(Beginning of Data provided)

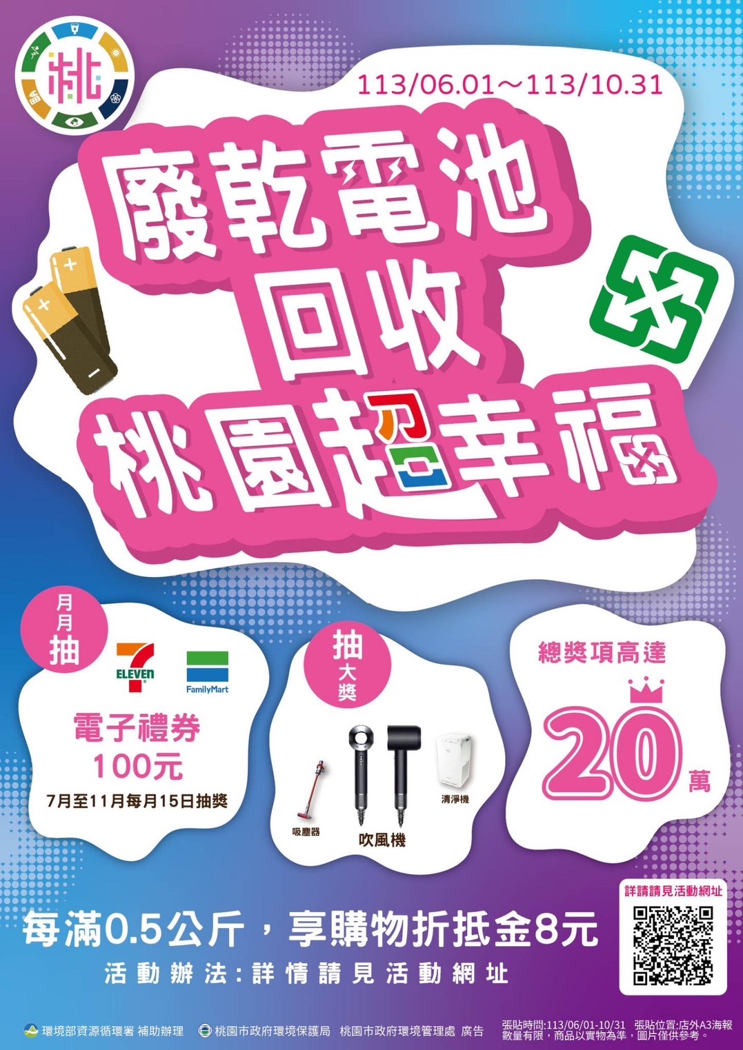 主旨: 有關本局於113年6月1日起至10月31日期間,結合統一超商及全家便利商店辦理「廢乾電池回收 桃園超幸福」廢乾電池回收加碼活動案,惠請廣為宣傳,請查照。
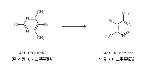 2.通过5-溴-2-氯-4,6-二甲基嘧啶合成5-溴-4,6-二甲基嘧啶
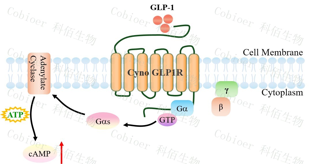 GLP1R 藥靶模型很好的模擬了體內(nèi) GLP1R 的信號轉(zhuǎn)導(dǎo)過程,原理見下圖所示。 ![]() Figure 1. Cyno GLP1R CHO 細胞模型原理圖
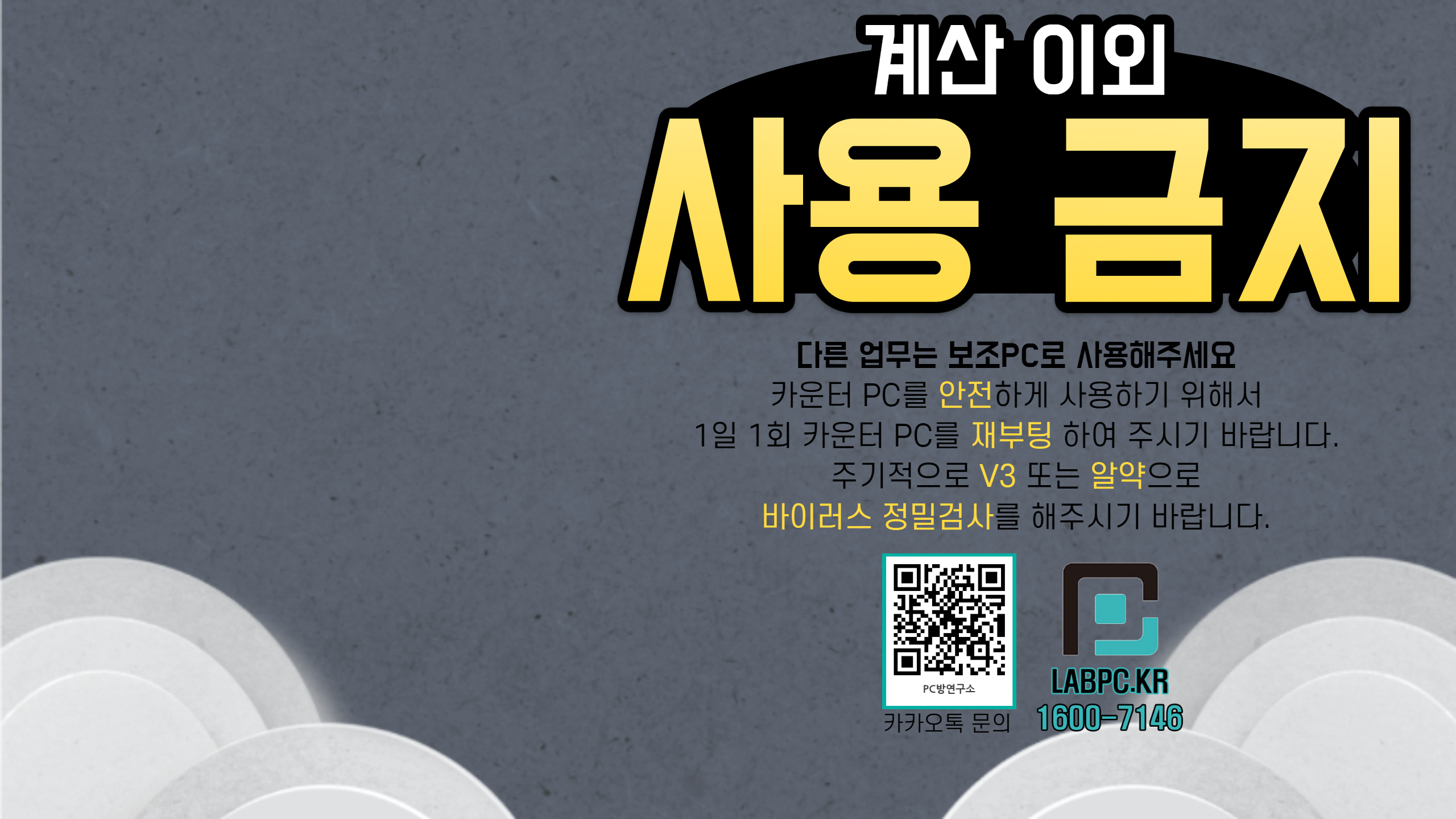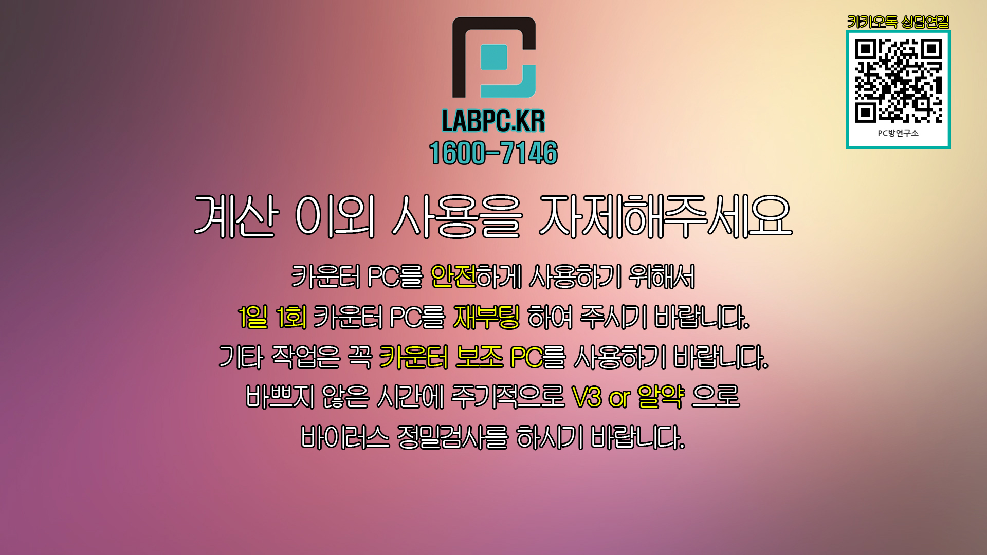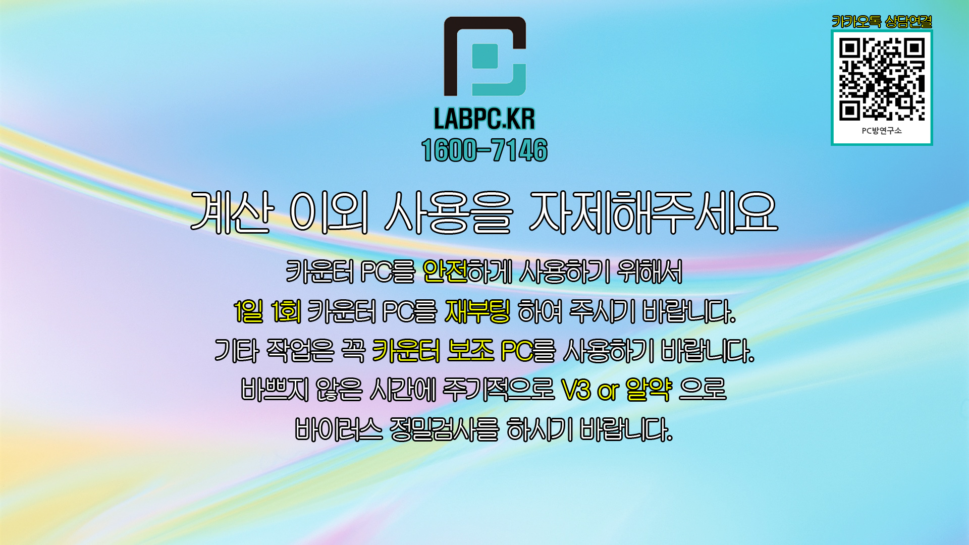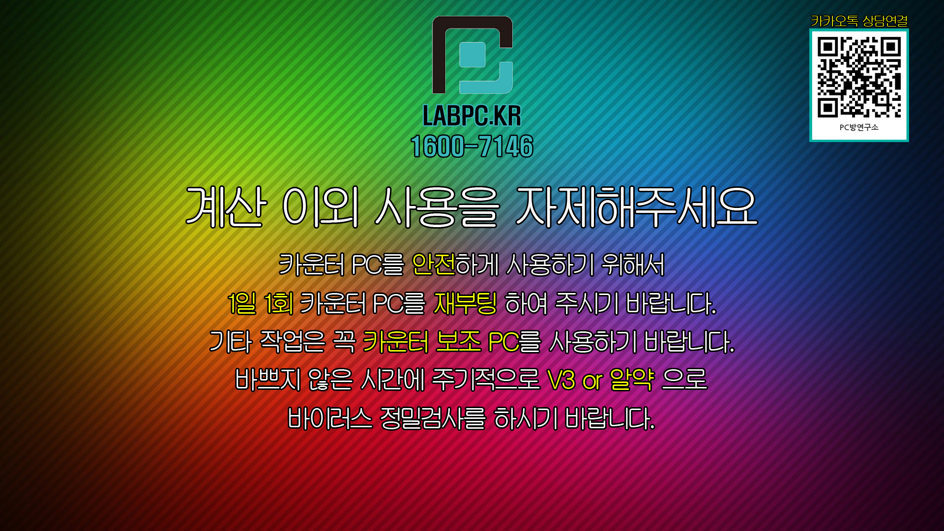 카운터 배경화면 공유합니다.(대표번호, 카카오톡 QR코드 포함) 공지사항 2020. 9. 24. 14:39 계산 외 사용금지 문구와 PC방연구소 대표번호, 카카오톡 연결 QR 코드 표시 해두었습니다. 카운터배경(카톡).zip 6.00MB 다운로드 받으셔서 카운터 배경화면으로 사용하시면 됩니다. 공유하기 게시글 관리 PC방연구소
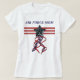 Voici une super chemise pour la fière maman de la Force aérienne. Des images de rubans rouges et bleus coulent d'une étoile bleu foncé sur le devant de cette chemise. Le diffuseur d'étoiles est placé sur un arrière - plan rayé rouge. Au-dessus de l'image se trouve le texte personnalisé en bleu "Air Force Mom".
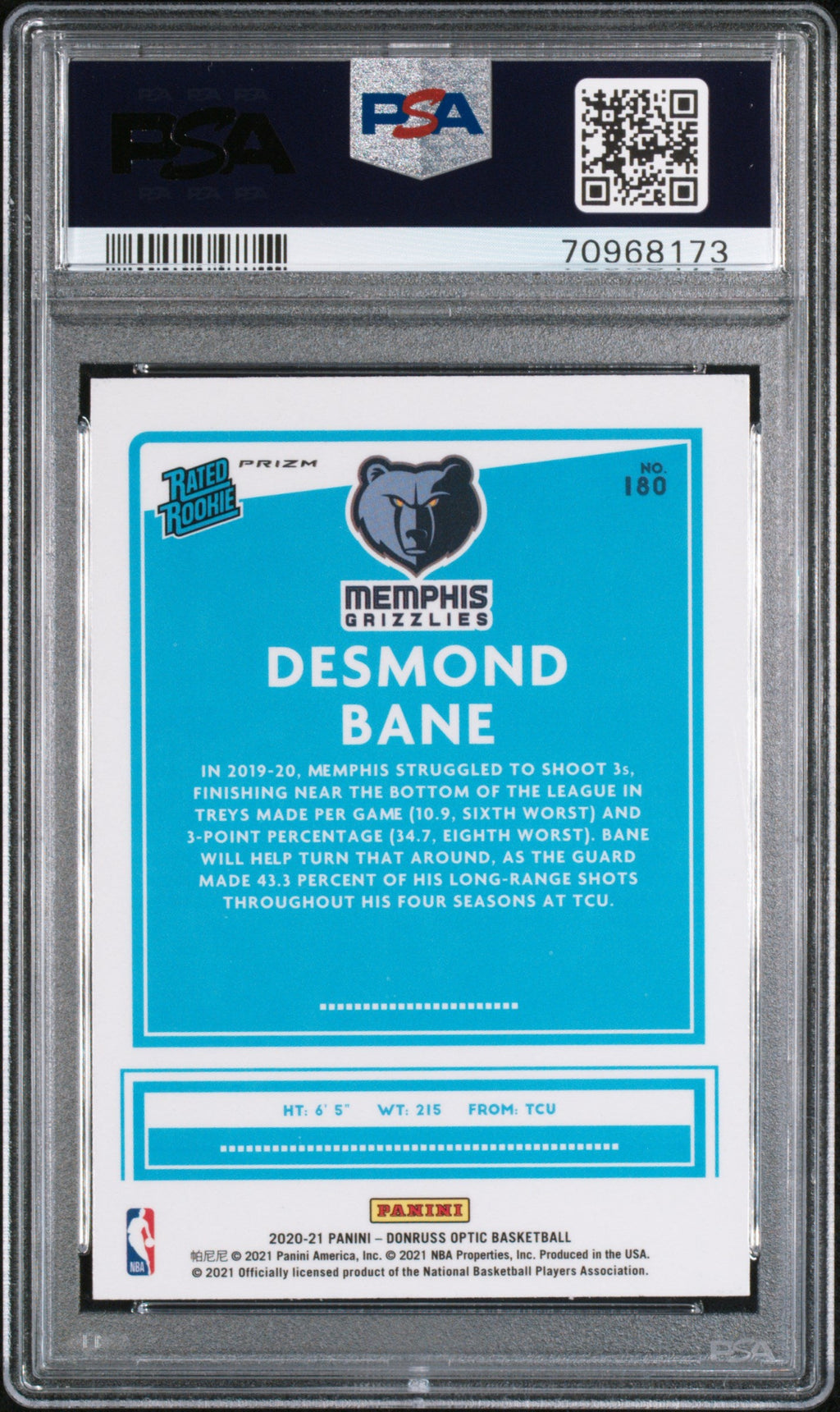 You are purchasing the following: 2020 Panini Donruss Optic Desmond Bane Hyper Pink Rookie #180 PSA 9 Memphis Grizzlies. You will receive the exact item in the photographs. Note: Please do not connact us and asking the following: 1. What is the lowest you would take? Just make an offer. If the offer is automatically declined, you have your answer. 2. What the best you can do? See above. Not repling to an email is a reply. 3. Any room on this? See above. Not repling to an offer is a reply. 4. We ONLY do one counter offer, so please make your best offer the first time! Note: If the price off, in your option, please send your resaoning and an offer. We will review it. Note: We manage nearly 10 millon cards regularly and will adjust prices as errors are noticed or pointed out! Listed With Mascot.
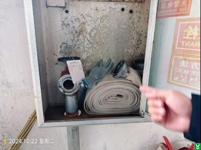 2.隐患:生产车间,一楼墙壁消防栓箱内及箱顶摆放杂物,影响应急使用。
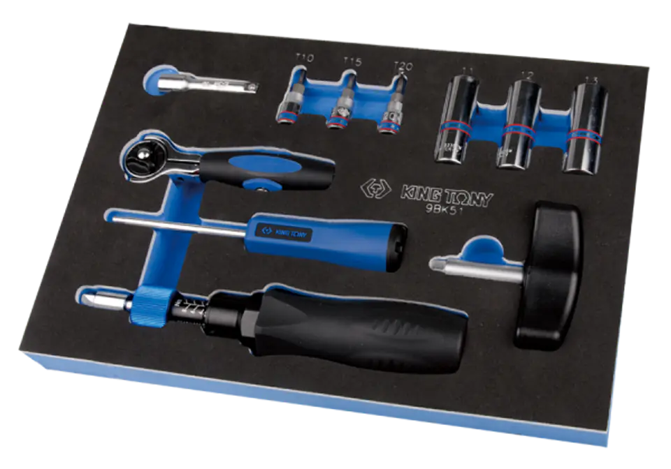 W zestawie:- 2033 - nasadki 1/4" z końcówką TORX T10, T15, T20- 2235M - nasadki krótkie 1/4" w rozmiarach: 11, 12, 13 mm - 2221-02 - przedłużka 1/4", 54 mm - 2752-45G - grzechotka 1/4"- 34101-040M - klucz do zaworów wentyli 0,45 Nm- 341214M - wkrętak dynamometryczny 1/4" 1,4Nm- 34211-3 DG - wkrętak dynamometryczny 1/4" 4-9Nm Karta produktu - 9BK51
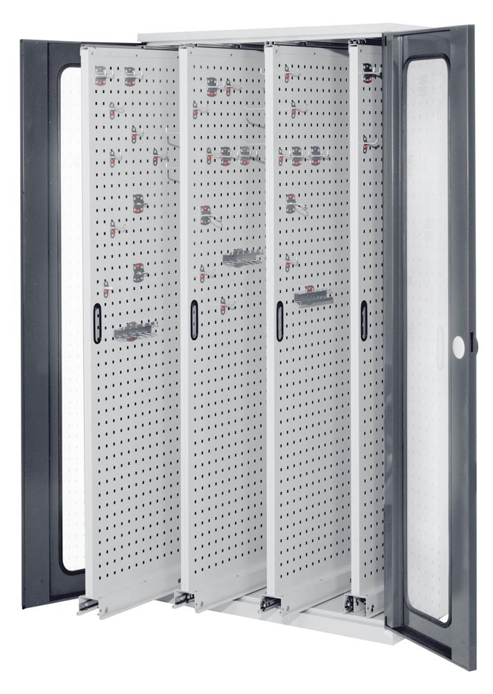 Schwerlastschrank, Sichtfenstertüren, 4 Vertikalauszüge, BxTxH 1000x600x1950 mm, RAL 7035/7016
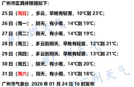 广东省气象台预计,1月24日广东大部分市县多云,早晨有轻雾局部有雾,昼夜温差大。1月25日—26日,广东大部分市县多云转阴天,有小雨或雾,雨雾天气能见度低,气温回升。1月26日夜间开始有新的一股弱冷空气影响广东,粤西北市县气温率先略降。
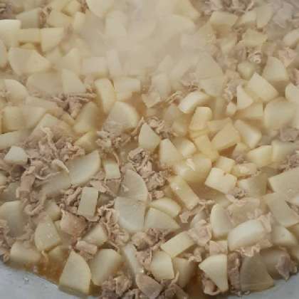 今日のだいこんの煮ものは、だしこんぶとけずりぶしでだしをとり、豚肉、だいこんの順に加えて煮ています。煮上がれば、みりん、うすくちしょうゆで味つけし、水どきでんぷんでとろみをつけています。
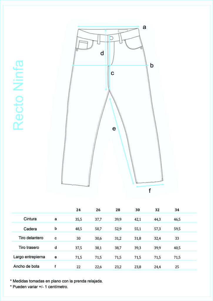 NINFA es un pantalón recto de tiro alto ajustado en cintura y levemente en cadera.
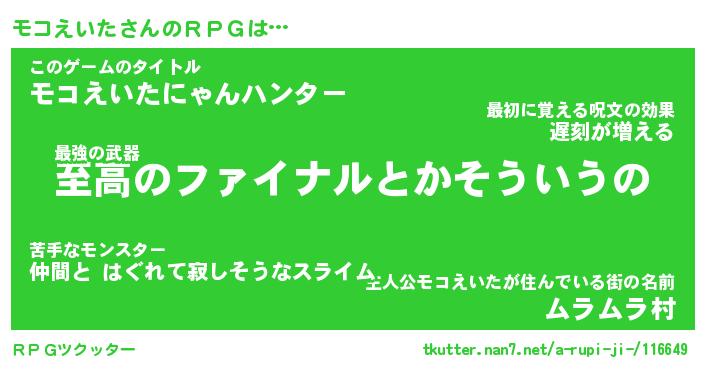 | ヒーロー風カッコイイあだ名 | 『スーパーモコエイタ』『幻影騎士モコ』 |
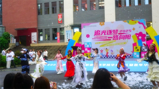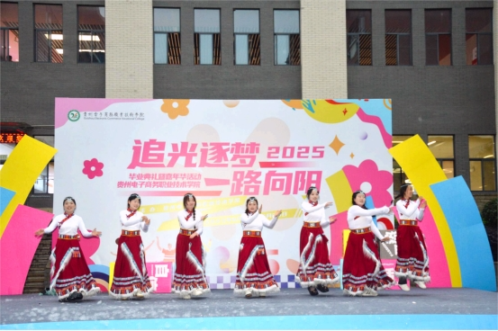 之后的自由表演环节更是将舞台变成了毕业生们的主场。不少同学自发走上舞台,有的弹着吉他自弹自唱,用歌声诉说对母校的不舍;有的表演即兴舞蹈,用肢体语言释放青春活力。舞台下,同学们围成一圈,挥舞着双手,为表演者欢呼鼓劲,整个场地变成了欢乐的海洋。
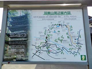 2014/5/30(6:58,6:56) 「羽黒山」参道下の駐車場と周辺案内図。 「羽黒山」は、「山形自動車道」の北端「鶴岡IC」から、ほぼ東17.5kmに位置する標高414mの山だが、 一般には、約1,400年前の推古元年(593)に「蜂子皇子」によって開かれた「出羽三山」の一つとして知られる。 「出羽三山」の内、「月山(標高:1,984m)」と「湯殿山(標高:1,500m)」は、標高も高く雪深い山頂や 渓谷にあるため、通年の参拝や祭祀が困難なことから、「羽黒山」の山頂には、三山の神々を合祀する 「三神合祭殿」が建つ。 この山頂には、有料道路「羽黒山道路」を利用すれば、ほとんど歩くこともなく立つことができるのだが、 麓の「隋神門」から山頂へと続く長さ1,700mの参道には、樹齢300~600年という老杉600本が立ち、 2,446段続く石畳の参道は、「ミシュラン・グリーンガイド・ジャポン」で、三つ星に認定されている。 本ページでは、この参道杉並木を歩いて往復した記録を84枚の写真で紹介するが、参道の素晴らしい 雰囲気は、どの写真も優劣をつけ難く、縦に撮影した写真は全て拡大写真をご覧頂けるようにしましたので、 ちょっと気になるという写真は、クリックして拡大写真をご覧になり、参道杉並木の素晴らしい雰囲気を 多少でも味わって頂ければ幸いである。 右の写真をクリックすると「羽黒山周辺案内図」が拡大表示されます。 この案内図は、720x960ピクセルあります。 案内図の文字を読みたいときには、表示された画像をクリックし、スクロールバーをご利用下さい。 |
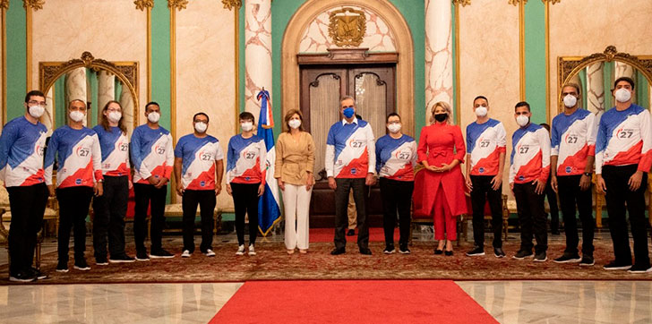 El acto tuvo lugar en el Salón de Embajadores del Palacio de Gobierno y estuvieron junto al jefe de Estado, la vicepresidenta de la República Raquel Peña y la ministra de la Juventud, Kimberly Taveras.

(End of Data provided)

Your objective =
Pictures aside, write out all of the records exactly.

Output for this task =
 主旨: 有關本局於113年6月1日起至10月31日期間,結合統一超商及全家便利商店辦理「廢乾電池回收 桃園超幸福」廢乾電池回收加碼活動案,惠請廣為宣傳,請查照。
 2.通过5-溴-2-氯-4,6-二甲基嘧啶合成5-溴-4,6-二甲基嘧啶
 GLP1R 藥靶模型很好的模擬了體內(nèi) GLP1R 的信號轉(zhuǎn)導(dǎo)過程,原理見下圖所示。 ![]() Figure 1. Cyno GLP1R CHO 細胞模型原理圖
 카운터 배경화면 공유합니다.(대표번호, 카카오톡 QR코드 포함) 공지사항 2020. 9. 24. 14:39 계산 외 사용금지 문구와 PC방연구소 대표번호, 카카오톡 연결 QR 코드 표시 해두었습니다. 카운터배경(카톡).zip 6.00MB 다운로드 받으셔서 카운터 배경화면으로 사용하시면 됩니다. 공유하기 게시글 관리 PC방연구소
 Voici une super chemise pour la fière maman de la Force aérienne. Des images de rubans rouges et bleus coulent d'une étoile bleu foncé sur le devant de cette chemise. Le diffuseur d'étoiles est placé sur un arrière - plan rayé rouge. Au-dessus de l'image se trouve le texte personnalisé en bleu "Air Force Mom".
 You are purchasing the following: 2020 Panini Donruss Optic Desmond Bane Hyper Pink Rookie #180 PSA 9 Memphis Grizzlies. You will receive the exact item in the photographs. Note: Please do not connact us and asking the following: 1. What is the lowest you would take? Just make an offer. If the offer is automatically declined, you have your answer. 2. What the best you can do? See above. Not repling to an email is a reply. 3. Any room on this? See above. Not repling to an offer is a reply. 4. We ONLY do one counter offer, so please make your best offer the first time! Note: If the price off, in your option, please send your resaoning and an offer. We will review it. Note: We manage nearly 10 millon cards regularly and will adjust prices as errors are noticed or pointed out! Listed With Mascot.
 2.隐患:生产车间,一楼墙壁消防栓箱内及箱顶摆放杂物,影响应急使用。
 W zestawie:- 2033 - nasadki 1/4" z końcówką TORX T10, T15, T20- 2235M - nasadki krótkie 1/4" w rozmiarach: 11, 12, 13 mm - 2221-02 - przedłużka 1/4", 54 mm - 2752-45G - grzechotka 1/4"- 34101-040M - klucz do zaworów wentyli 0,45 Nm- 341214M - wkrętak dynamometryczny 1/4" 1,4Nm- 34211-3 DG - wkrętak dynamometryczny 1/4" 4-9Nm Karta produktu - 9BK51
 Schwerlastschrank, Sichtfenstertüren, 4 Vertikalauszüge, BxTxH 1000x600x1950 mm, RAL 7035/7016
 广东省气象台预计,1月24日广东大部分市县多云,早晨有轻雾局部有雾,昼夜温差大。1月25日—26日,广东大部分市县多云转阴天,有小雨或雾,雨雾天气能见度低,气温回升。1月26日夜间开始有新的一股弱冷空气影响广东,粤西北市县气温率先略降。
 今日のだいこんの煮ものは、だしこんぶとけずりぶしでだしをとり、豚肉、だいこんの順に加えて煮ています。煮上がれば、みりん、うすくちしょうゆで味つけし、水どきでんぷんでとろみをつけています。
 NINFA es un pantalón recto de tiro alto ajustado en cintura y levemente en cadera.
 | ヒーロー風カッコイイあだ名 | 『スーパーモコエイタ』『幻影騎士モコ』 |
 之后的自由表演环节更是将舞台变成了毕业生们的主场。不少同学自发走上舞台,有的弹着吉他自弹自唱,用歌声诉说对母校的不舍;有的表演即兴舞蹈,用肢体语言释放青春活力。舞台下,同学们围成一圈,挥舞着双手,为表演者欢呼鼓劲,整个场地变成了欢乐的海洋。
 2014/5/30(6:58,6:56) 「羽黒山」参道下の駐車場と周辺案内図。 「羽黒山」は、「山形自動車道」の北端「鶴岡IC」から、ほぼ東17.5kmに位置する標高414mの山だが、 一般には、約1,400年前の推古元年(593)に「蜂子皇子」によって開かれた「出羽三山」の一つとして知られる。 「出羽三山」の内、「月山(標高:1,984m)」と「湯殿山(標高:1,500m)」は、標高も高く雪深い山頂や 渓谷にあるため、通年の参拝や祭祀が困難なことから、「羽黒山」の山頂には、三山の神々を合祀する 「三神合祭殿」が建つ。 この山頂には、有料道路「羽黒山道路」を利用すれば、ほとんど歩くこともなく立つことができるのだが、 麓の「隋神門」から山頂へと続く長さ1,700mの参道には、樹齢300~600年という老杉600本が立ち、 2,446段続く石畳の参道は、「ミシュラン・グリーンガイド・ジャポン」で、三つ星に認定されている。 本ページでは、この参道杉並木を歩いて往復した記録を84枚の写真で紹介するが、参道の素晴らしい 雰囲気は、どの写真も優劣をつけ難く、縦に撮影した写真は全て拡大写真をご覧頂けるようにしましたので、 ちょっと気になるという写真は、クリックして拡大写真をご覧になり、参道杉並木の素晴らしい雰囲気を 多少でも味わって頂ければ幸いである。 右の写真をクリックすると「羽黒山周辺案内図」が拡大表示されます。 この案内図は、720x960ピクセルあります。 案内図の文字を読みたいときには、表示された画像をクリックし、スクロールバーをご利用下さい。 |
 El acto tuvo lugar en el Salón de Embajadores del Palacio de Gobierno y estuvieron junto al jefe de Estado, la vicepresidenta de la República Raquel Peña y la ministra de la Juventud, Kimberly Taveras.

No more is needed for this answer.